Exercise requirements: Leave out the pictures, and copy exactly the lines from the line with "A Calça Jeans" through the last line of the data below.

Input data:
==================================================
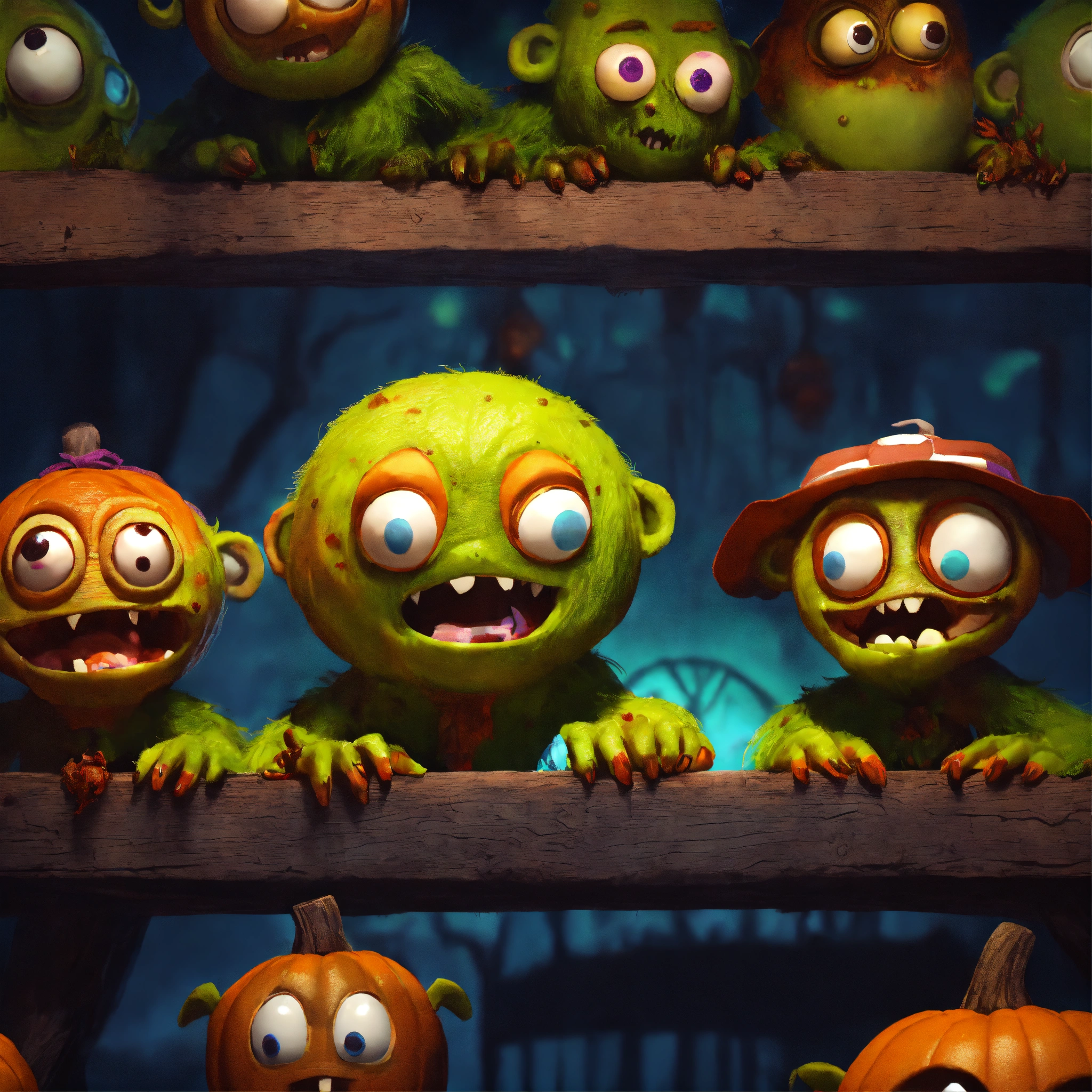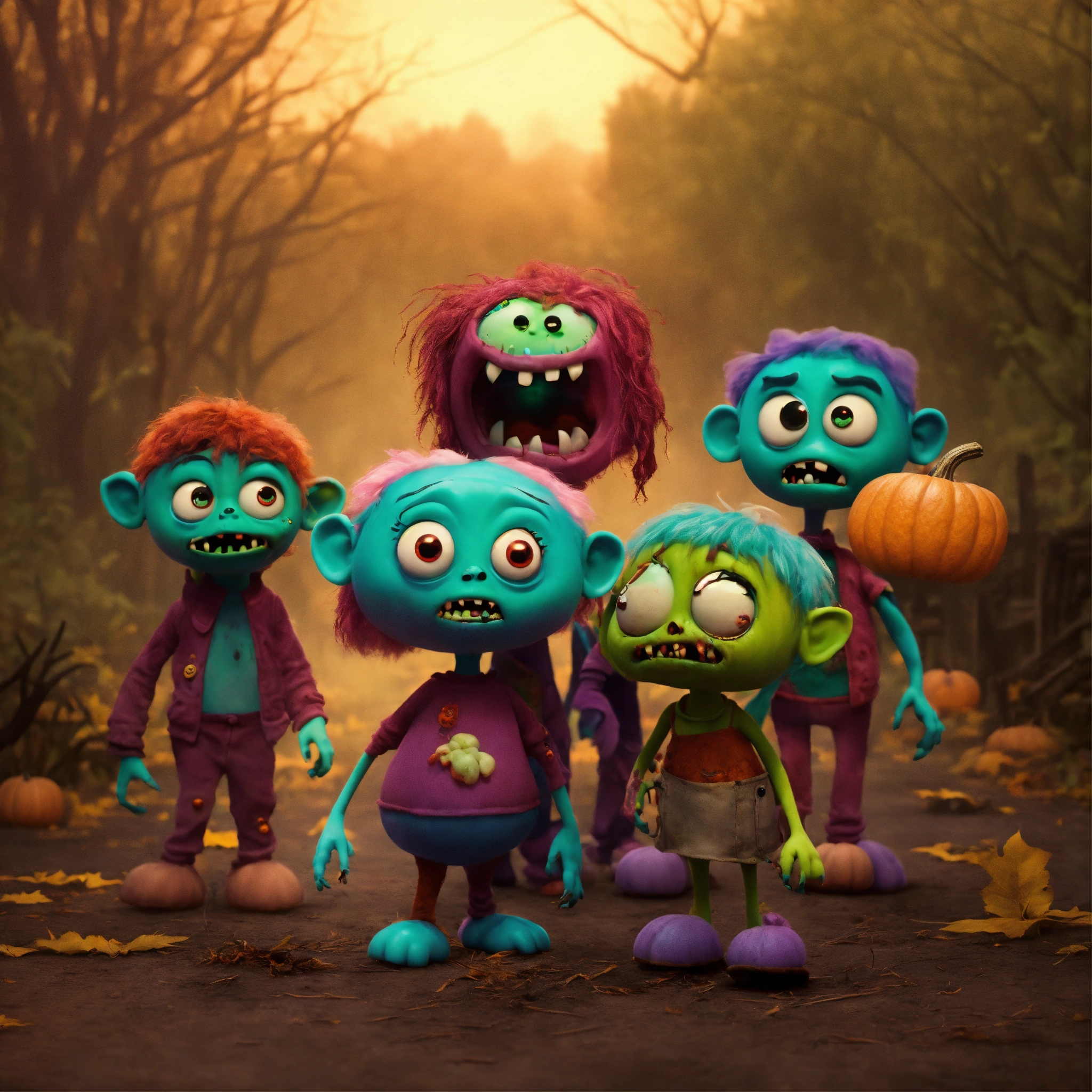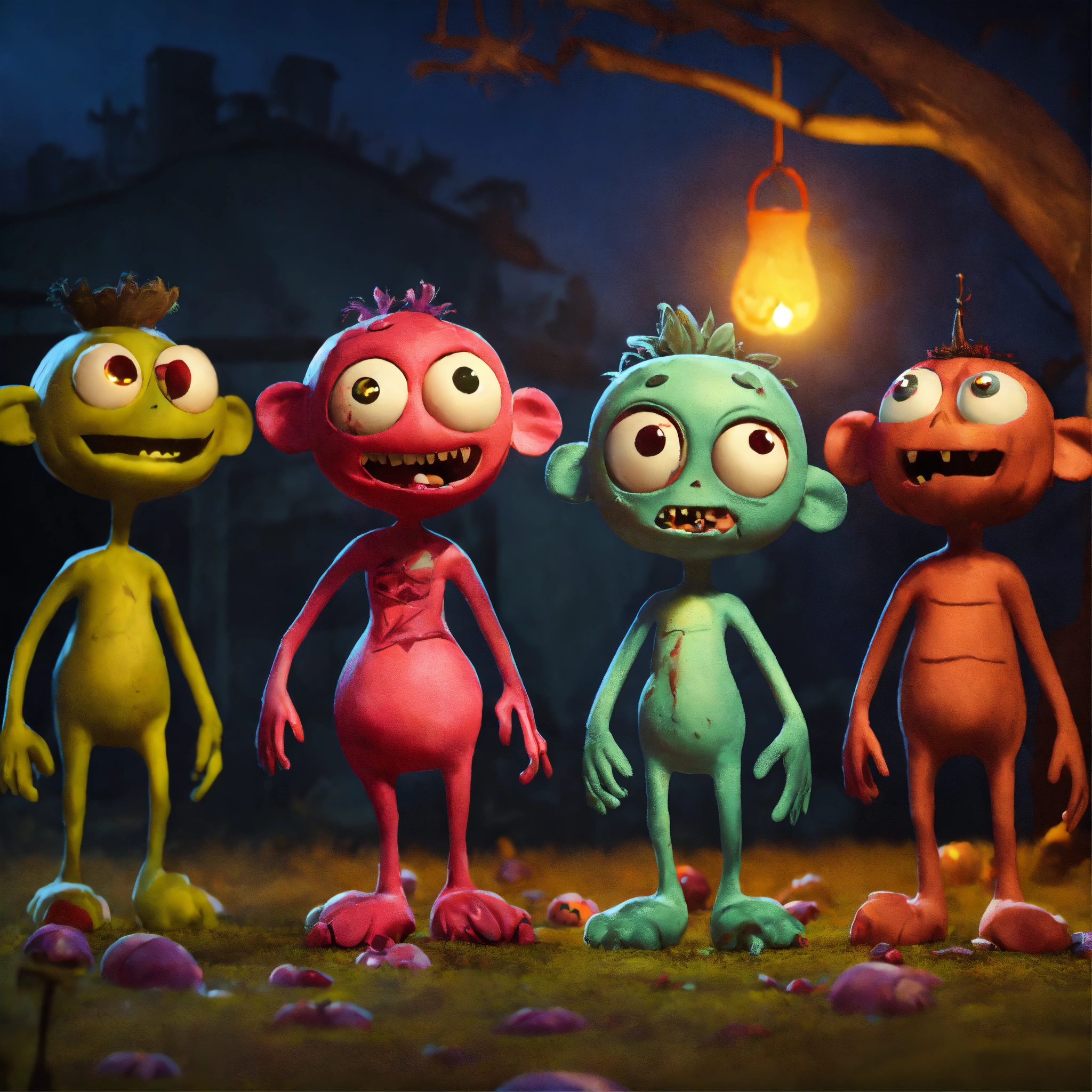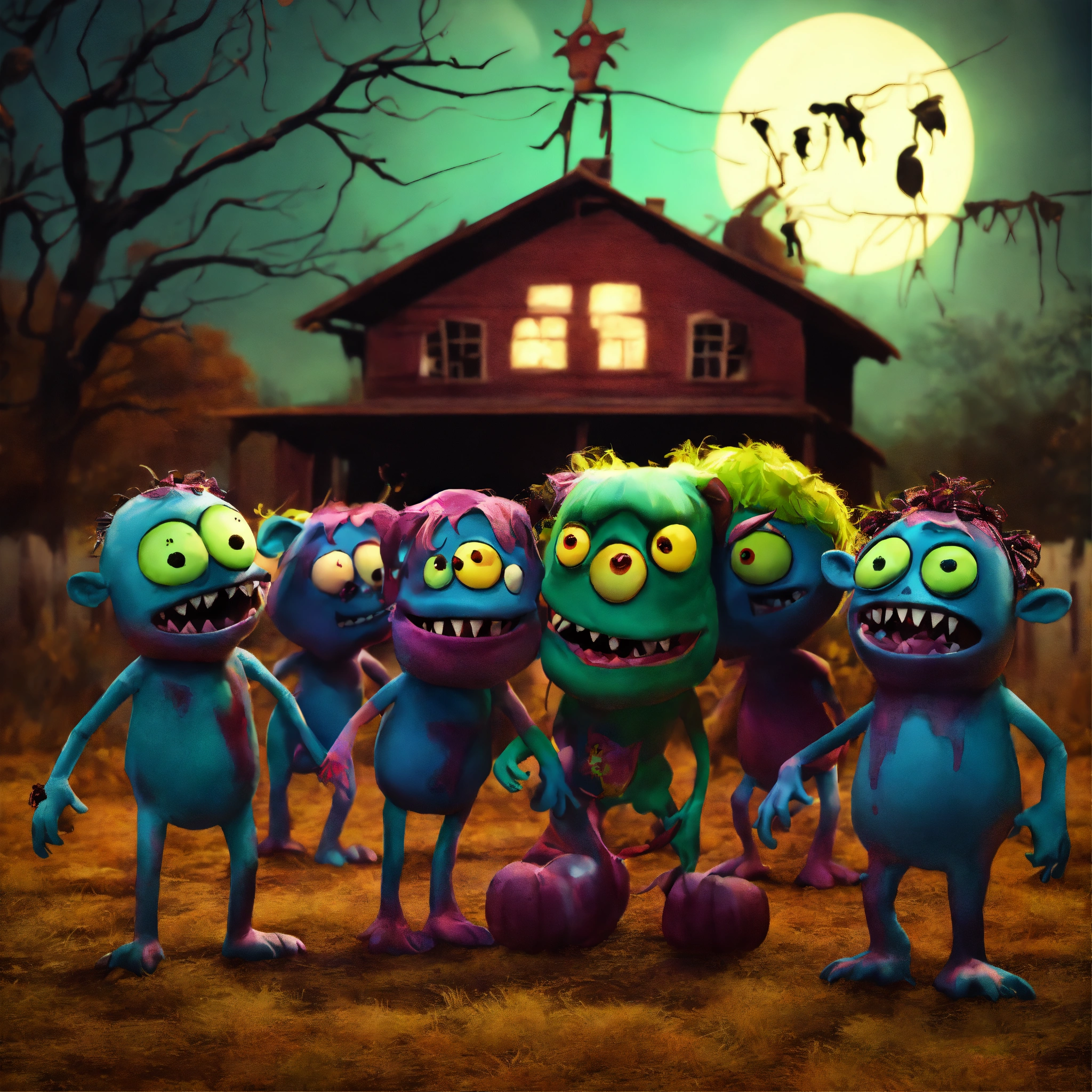 Group of cute friendly pixar-style monstersas zombies for halloween on a haunted farm, dark colors, animated feature film quality but with soft diffusion
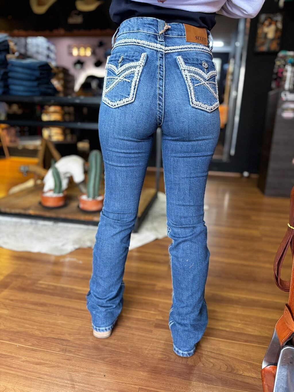 A Calça Jeans Feminina Selff é feita na modelagem Boot Cut e tem a boca levemente mais aberta para se usar com botas. Perfeita para montar, sua principal característica é a cintura no lugar (nem alta, nem baixa). O efeito push-up (levanta o bumbum), juntamente com uso do elastano de alta qualidade, permitem maior conforto no movimento e valorização das formas.
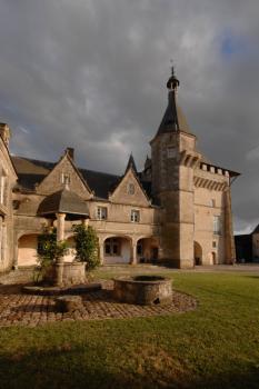 Château d'Aulteribe, façade ouest, entre les deux tours sud, au coucher du soleil
==================================================
Response:
 A Calça Jeans Feminina Selff é feita na modelagem Boot Cut e tem a boca levemente mais aberta para se usar com botas. Perfeita para montar, sua principal característica é a cintura no lugar (nem alta, nem baixa). O efeito push-up (levanta o bumbum), juntamente com uso do elastano de alta qualidade, permitem maior conforto no movimento e valorização das formas.
 Château d'Aulteribe, façade ouest, entre les deux tours sud, au coucher du soleil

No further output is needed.